Это было очевидным. Никогда ни в какой докладной старший механик не напишет, что не владел элементарными знаниями управления машиной. Ни за что четвертый механик не сознается, что чуть не случившаяся авария была целиком на его совести. Вполне естественно, что козлом отпущения решили сделать самого маленького человечка в этой цепочке – моториста.

Наказание, которое приготовили Голдману за этот инцидент, можно было легко предвидеть – лишение визы сроком, как минимум, на один год, то есть запрет на все загранрейсы.

Чтобы понять, что это значило для моряка, нужно рассказать о всей системе вербовки в Дальневосточное морское пароходство.

Обман начинался с самого начала, с объявления в газете «Комсомольская правда». Несколько учебных заведений Владивостока и Находки, готовящие моряков для ДВМП, наперебой расписывали достоинства работы моряка-дальневосточника. Объявления сулили среднюю заработную плату 450 рублей в месяц, а также щедрые ежемесячные валютные премии. Будущим морякам обещали великолепное проживание, прекрасное форменное обмундирование и отличное бесплатное питание. И главное: все принятые на учебу будут работать только на судах загранплавания, с заходам в порты шестидесяти стран мира.

Правдой здесь было то, что кормили на пароходе, действительно, регулярно. Моряки голодали, только когда их списывали на берег. Все остальное от начала до конца было полным враньем. Никакого форменного обмундирования ни электрики, ни мотористы не получали. Зарплата у них была в пределах ста-ста двадцати рублей, на ледоколах в условиях Дальнего Севера моторист получал восемьдесят рублей в месяц. Каюты на пароходах также оставляли желать лучшего.

Но самым гнусным враньем было то, что все моряки ходили только в заграничные рейсы. Ничего подобного в принципе не было. Визу, как право попасть на загранрейс, дожидались целый год. Причем весь этот год еще с учебы за будущими моряками велся неусыпный контроль. И за самую мельчайшую провинность получение визы откладывалось еще на целый год.

Почему же моряки не увольнялись и все это терпели? Ответ очевиден. Чтобы завербоваться на работу большинство будущих моряков многое ставили на карту. К примеру, Голдман, поехав во Владивосток, бросил институт, оставил любимую девушку, потратил большие деньги, чтобы через всю страну добраться до Дальнего Востока. Некоторые оставляли жен, детей, престарелых родителей – брать их с собой запрещалось. Теряли прописку, в конце концов. И после этого вернуться домой с пустыми руками? Впрочем, кое-кто так и делал. Но на их место находились сотни других простачков, приехавших со всего Советского Союза.

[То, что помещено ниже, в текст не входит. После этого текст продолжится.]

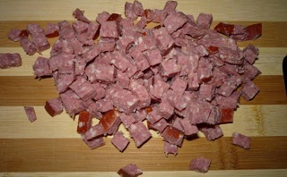 Режем колбасу и трем на терке сыр.
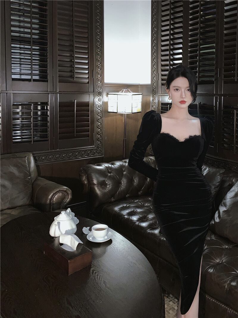 Pinkoz 秋冬黒ミニ不規則ドレスパッチワークスクエアカラーヴィンテージベルベット背中開いたパーティーナイトvestidos traf ピンク ブラック オータム 秋物 ウィンター 冬物 スクウェア ビンテージ

Самым мощным инструментом закабаления моряков в пароходстве была загранвиза. Рядовой матрос, моторист, бортпроводник должен был терпеть скотские условия и мизерную зарплату, надеясь, что когда ему откроют визу, начнутся загранрейсы, тонкой струйкой потечет валюта, он окупит все лишения и унижения. Об этом прекрасно знало руководство пароходства и пользовалось этим. Сначала моряка проверял КГБ. Когда выяснялось, что «подследственный» не привлекался, имеет лояльных коммунистической партии родственников, то визовые документы приходили в пароходство. Начальство ДВМП придиралось сильнее КГБ. О несчастном морячке выяснялось все: не грубил ли он начальству, не имел ли неосторожность влюбиться на рабочем месте, не носит ли он длинные волосы… Особенно тщательно молодого моряка проверяли в его день рождения. Не дай Бог, стукач учует от него малейший запах спиртного. Разве можно выпить в свой день рождения? А потом уже кораблядские «боги» садились и решали: открыть визу морячку или еще на год оставить его в скотских условиях, куда сами же обманом его заманили.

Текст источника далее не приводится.